Zhou Xiaokun, Lv Liang, Zhang Zhongyi, Wei Shuyang, Zheng Tong
Department of Neurosurgery, Affiliated Hospital of Guilin Medical University, Guilin, Guangxi, China.
College of Pharmacy, Guilin Medical University, Guilin, Guangxi, China.
J Gene Med. 2020 Oct;22(10):e3235. doi: 10.1002/jgm.3235. Epub 2020 Jun 18.
Accumulating long noncoding RNAs (lncRNAs) have been recognized to participate in glioma development. Nevertheless, knowledge of the role of linc00294 in glioma remains incomplete.
Bioinformatics analysis predicted the differential expression of LINC00294 and neurofilament medium (NEFM) in tumors and normal tissues, as well as the binding between LINC00294 and miR-1278, miR-1278 and NEFM. Luciferase and RNA immunoprecipitation assays were used for the verification of interactions. The potential role of LINC00294 in glioma development was investigated using functional assays, singly and in parallel with its interplay with miR-1278 and NEFM. Cell counting kit-8 and EdU assays were applied to measure cellular proliferation, whereas the terminal deoxynucleotidyl transferase dUTP nick end labeling (TUNEL) method was employed to detect apoptosis.

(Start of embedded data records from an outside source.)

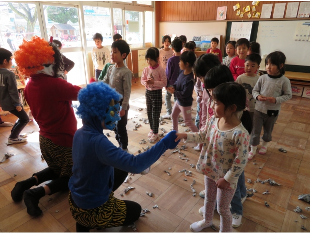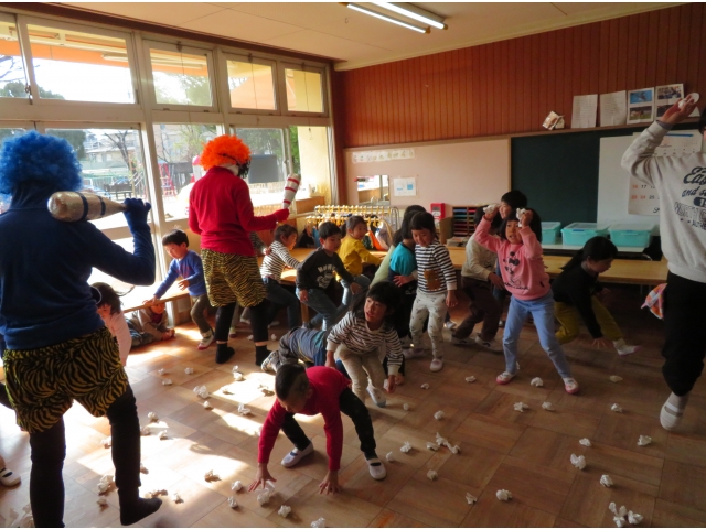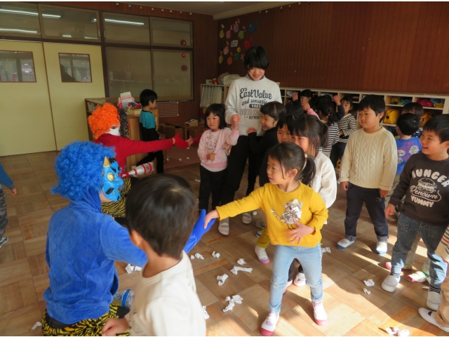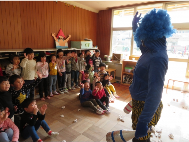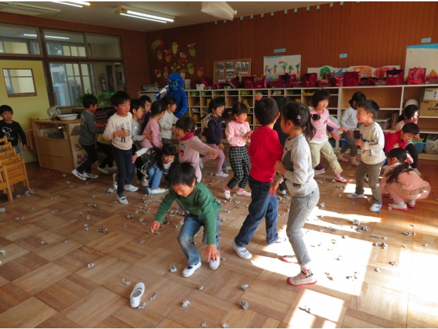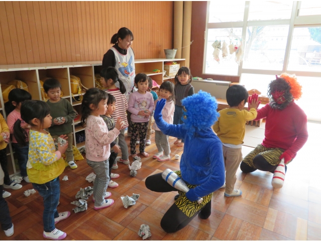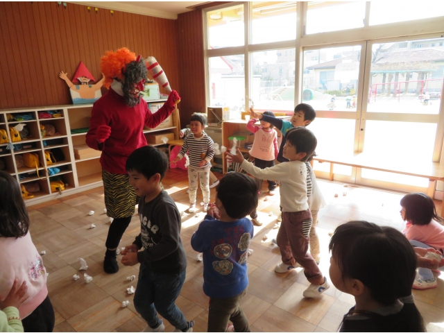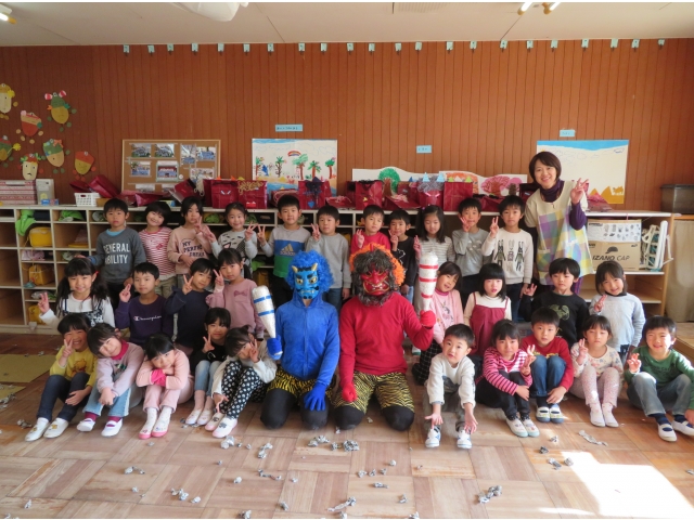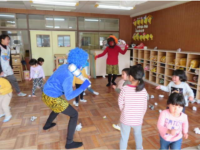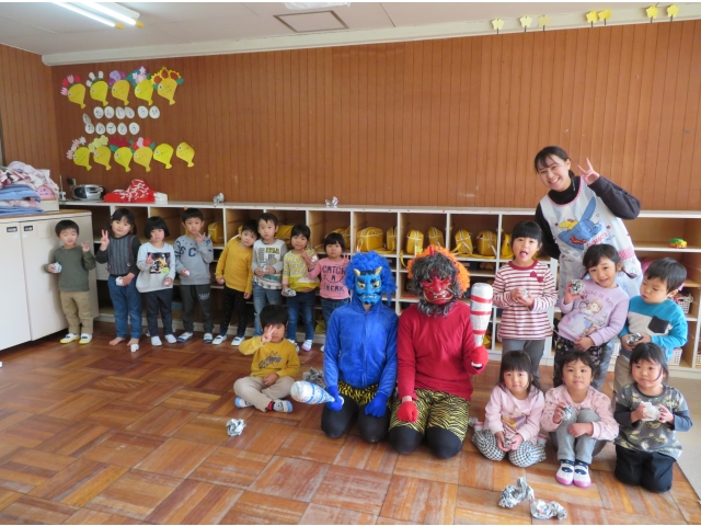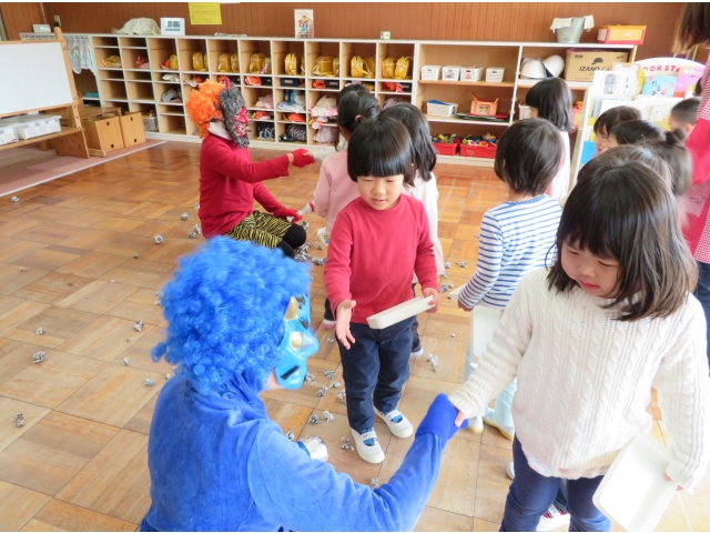 自分の中にいる“おこりんぼうオニ”“なきむしオニ”“いじわるオニ”“いやいやオニ”などいろいろなオニを追い出してもらうため、今年もあかオニ、あおオニが保育園へきました!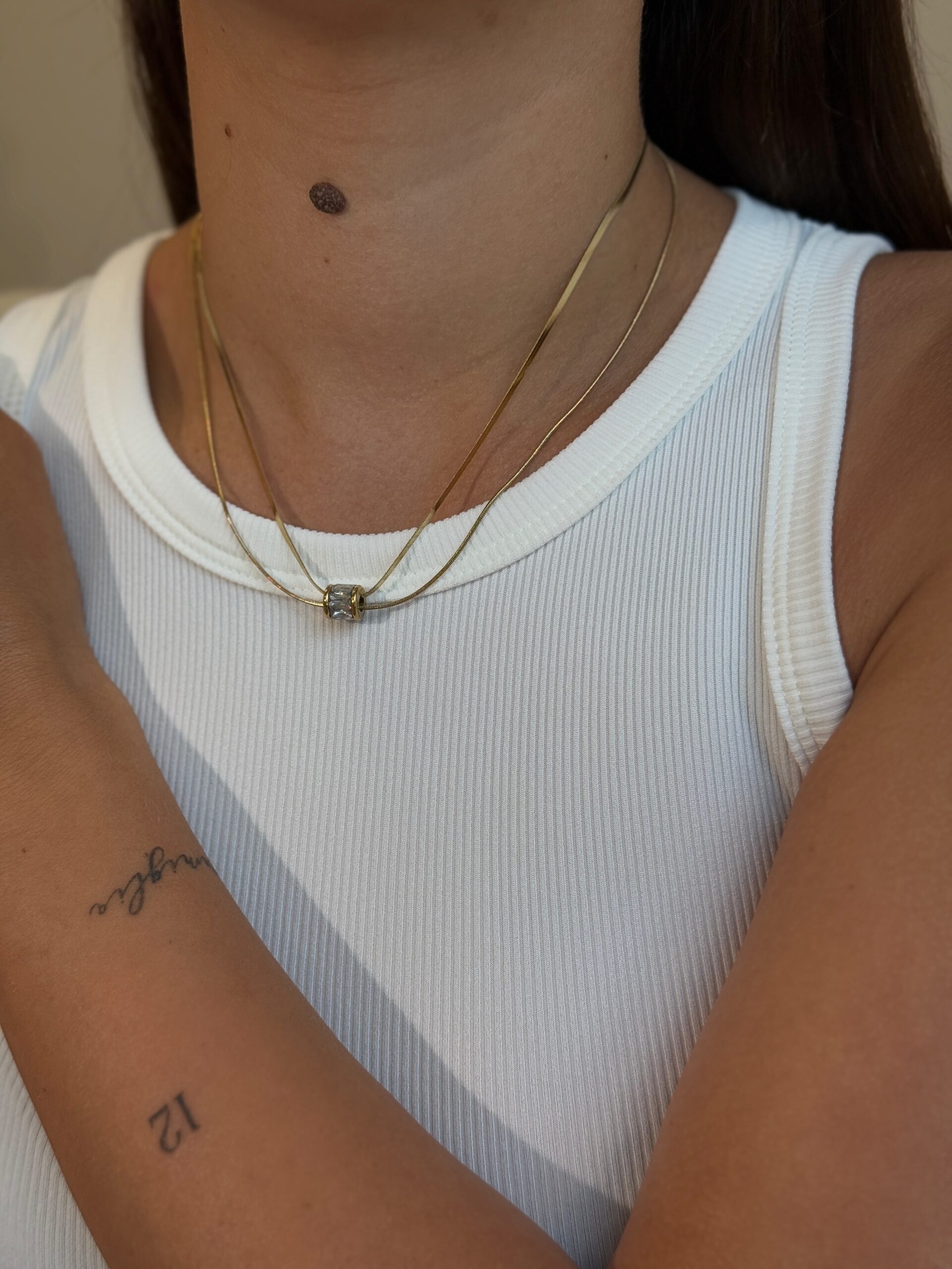 Dviguba grandinėlė su skaidriu pakabuku “Gold”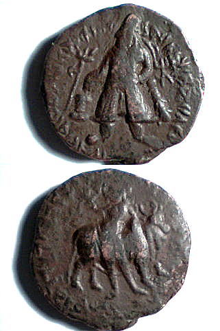 meine Querbeetsammlung wurde heute durch eine Bronze von Vima Kadphises bereichert, 17,17 gr. schwer, Durchmesser 30/28, bilingual (griechisch und karoshti), Münzstätte Taxila. Laut Vorbesitzer MAC 3040f (kann das jemand bestätigen oder korrigieren?) Die Vorderseite ist für diese Stücke ausgesprochen gut geprägt, so daß die Details gut zu erkennen sind.
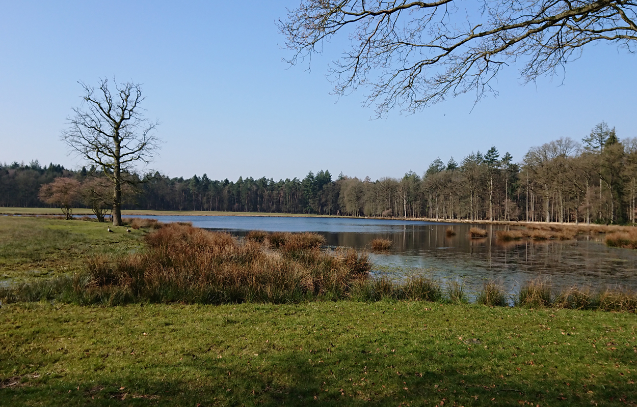 Hier ga ik dus niet linksaf maar ga verder over het pad langs het hek. Dat betekent dat ik straks op een heel mooi open stukje ga uitkomen. Daar ben ik echt lang niet geweest! Ik kom andere lopers tegen op het smalle pad maar we houden heel makkelijk afstsand en praten even met elkaar (ook van afstand). Leuk zo even een babbeltje met anderen.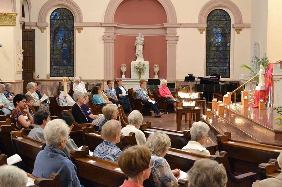 Sisters and associates at the candle-light prayer service that opened the Chapter on Sunday evening.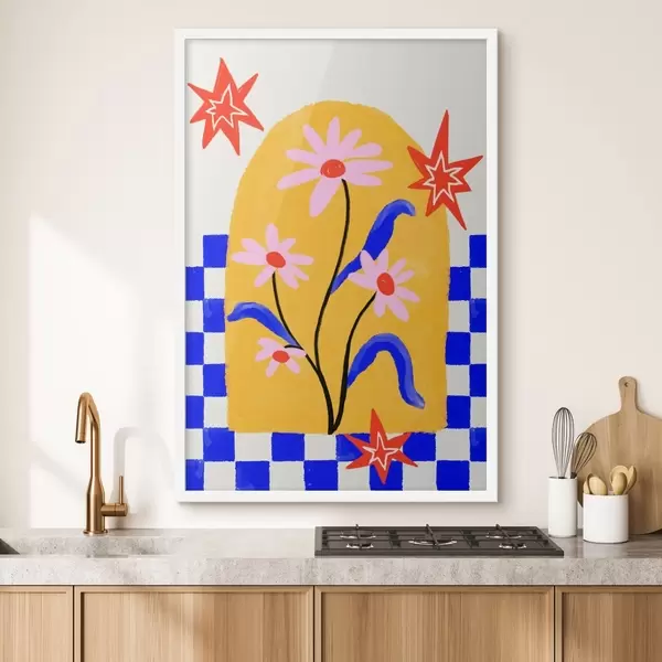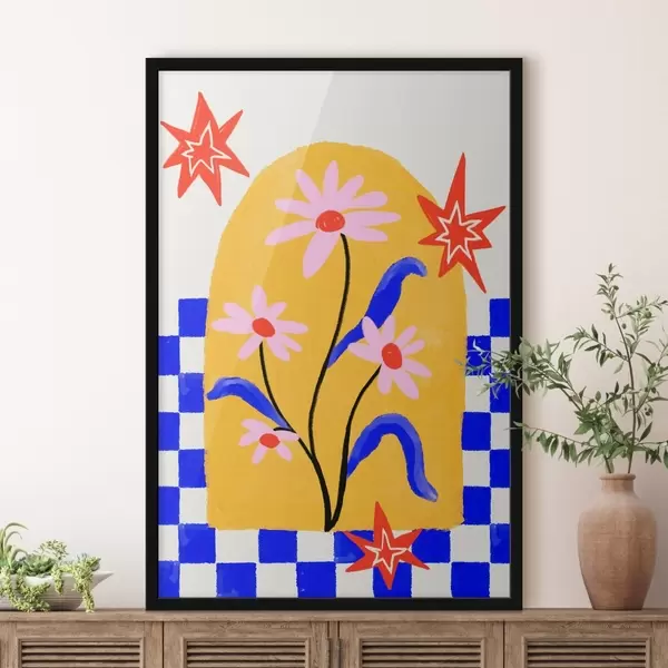 Plakát a sziklán Világos virágok sárga alapon, kék mintával f48034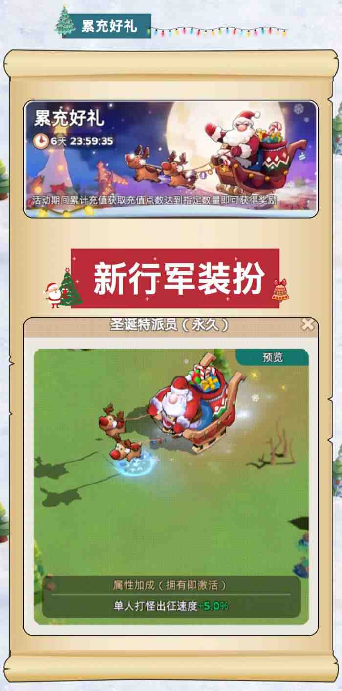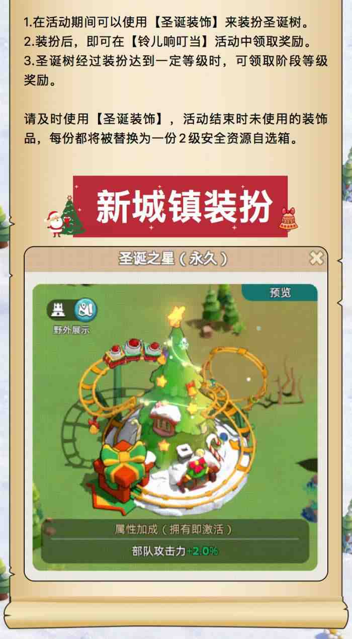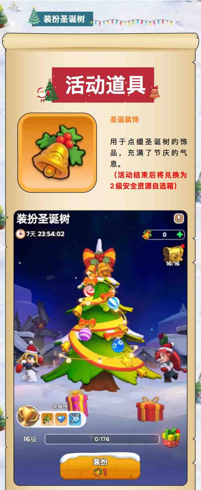 每上交1份“圣诞装饰”可以(yi)获得1-3积分,达到指定分数可以(yi)提升圣诞树等级,并领取该等级的奖励,等级分为2、7、12、16、20、22、24级。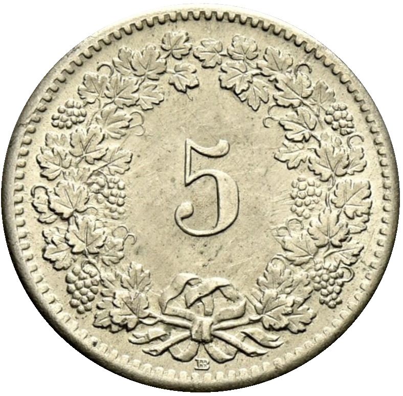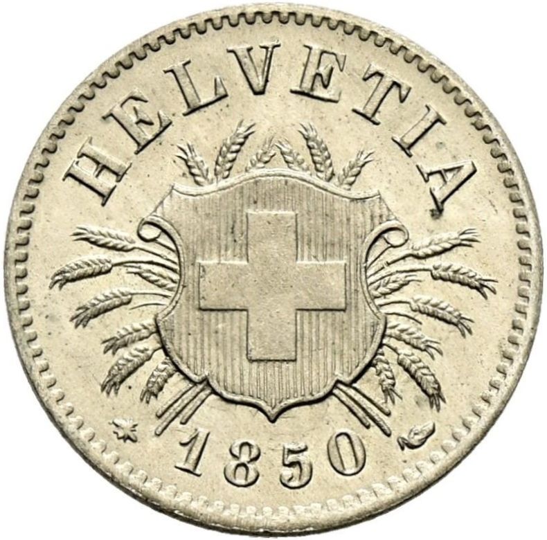 5 раппенів (герб) 1850 – 1877 Швейцарія

A new lncRNA, LINC00294, was highly expressed in normal brain tissues. However, it was markedly down-regulated in GBM tissues and glioma cell lines. Overexpression of LINC00294 abates glioma cell proliferation but induces apoptosis. Meanwhile, tumor suppressor NEFM was revealed to be distinctly diminished in cancerous conditions and enhanced in glioma cells by LINC00294 up-regulation. Interactions of miR-1278 with LINC00294 or NEFM occur, and the expression of NEFM is up-regulated by LINC00294 through their competition with respect to binding to miR-1278. Finally, the rescue assays further confirmed that LINC00294 inhibits glioma cell proliferation by absorbing miR-1278 to enhance NEFM.
Collectively, our observations demonstrate the tumor-suppressive function of LINC00294 in glioma development by sponging miR-1278 and promoting NEFM, suggesting a potential use in therapy for glioma.
越来越多的长链非编码RNA(lncRNA)被认为参与了胶质瘤的发展。然而,关于linc00294在胶质瘤中的作用的了解仍不完整。
生物信息学分析预测了LINC00294和神经丝中链(NEFM)在肿瘤组织和正常组织中的差异表达,以及LINC00294与miR-1278、miR-1278与NEFM之间的结合。荧光素酶和RNA免疫沉淀试验用于验证相互作用。通过功能试验单独或与miR-1278和NEFM相互作用并行研究LINC00294在胶质瘤发展中的潜在作用。使用细胞计数试剂盒-8和EdU试验来测量细胞增殖,而采用末端脱氧核苷酸转移酶dUTP缺口末端标记(TUNEL)法检测细胞凋亡。
一种新的lncRNA,LINC00294,在正常脑组织中高表达。然而,它在胶质母细胞瘤组织和胶质瘤细胞系中明显下调。LINC00294的过表达抑制胶质瘤细胞增殖但诱导细胞凋亡。同时,肿瘤抑制因子NEFM在癌性条件下明显减少,而在胶质瘤细胞中通过LINC00294上调而增加。miR-1278与LINC00294或NEFM之间存在相互作用,并且LINC00294通过与miR-1278竞争结合而上调NEFM的表达。最后,挽救试验进一步证实LINC00294通过吸收miR-1278以增强NEFM来抑制胶质瘤细胞增殖。
总体而言,我们的观察结果表明LINC00294在胶质瘤发展中通过海绵吸附miR-1278和促进NEFM发挥肿瘤抑制功能,提示其在胶质瘤治疗中的潜在用途。